Polysomnography (PSG) is the criterion standard diagnostic test for OSAS. A respiratory event suggestive of OSAS is defined as a decrease in nasal and oral airflow, alone or with thoracoabdominal movements, of more than 90% (apnea) or of more than 50% but less than 90% (hypopnea) that lasted for at least 10 seconds. A decrease in arterial oxygen saturation of 4% or more is considered significant oxygen desaturation. [44]

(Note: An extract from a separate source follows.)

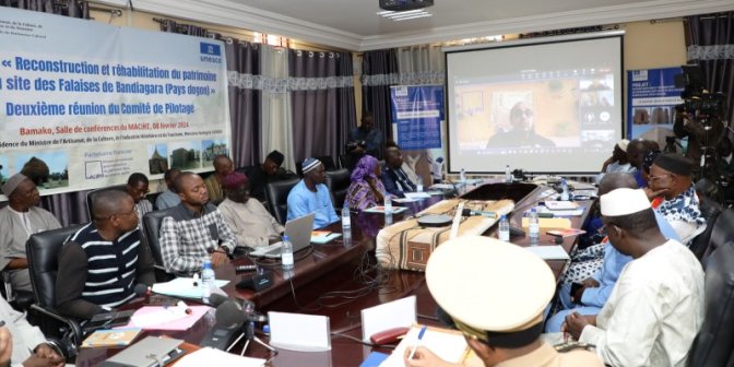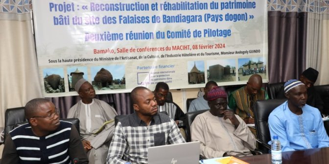 Le jeudi 8 février 2024, la salle de conférence du Ministère de l’Artisanat, de la culture, de l’industrie Hôtelière et du Tourisme a abrité la 2e réunion du Comité de pilotage du Projet « Reconstruction et réhabilitation du patrimoine bâti du site des Falaises de Bandiagara (Pays-dogon) ».

Information from PSG is reported in the form of the respiratory disturbance index (RDI; also referred to as the apnea-hypopnea index [AHI]). The RDI is the number of apneas or hypopneas 10 seconds or longer occurring per hour of sleep. A normal RDI is less than 5. An RDI less than or equal to 5 is suggestive of simple snoring with no OSAS. An RDI greater than 5 and less than or equal to 15 is suggestive of mild OSAS. An RDI greater than 15 and less than or equal to 30 is suggestive of moderate OSAS. Finally, an RDI greater than 30 is suggestive of severe OSAS.

The loudness and persistence of snoring (constant versus intermittent) are usually reported. Body position is also recorded so one can determine what position (usually supine) and in what sleep phase (usually rapid-eye-movement [REM] sleep, when muscle tone is most relaxed) the patient is in when respiratory events occur.

In-laboratory PSG is the criterion standard for diagnosing OSAS. However, PSG has several limitations, including the necessity of performing the test in a sleep laboratory, high costs, the considerable technical expertise required, and the long analyzing time needed by the operator. In addition, the examination often must be repeated because of the interference of monitoring electrodes with the physiologic sleep of the patient (“first night effect”). Therefore, timely access to PSG is often a problem.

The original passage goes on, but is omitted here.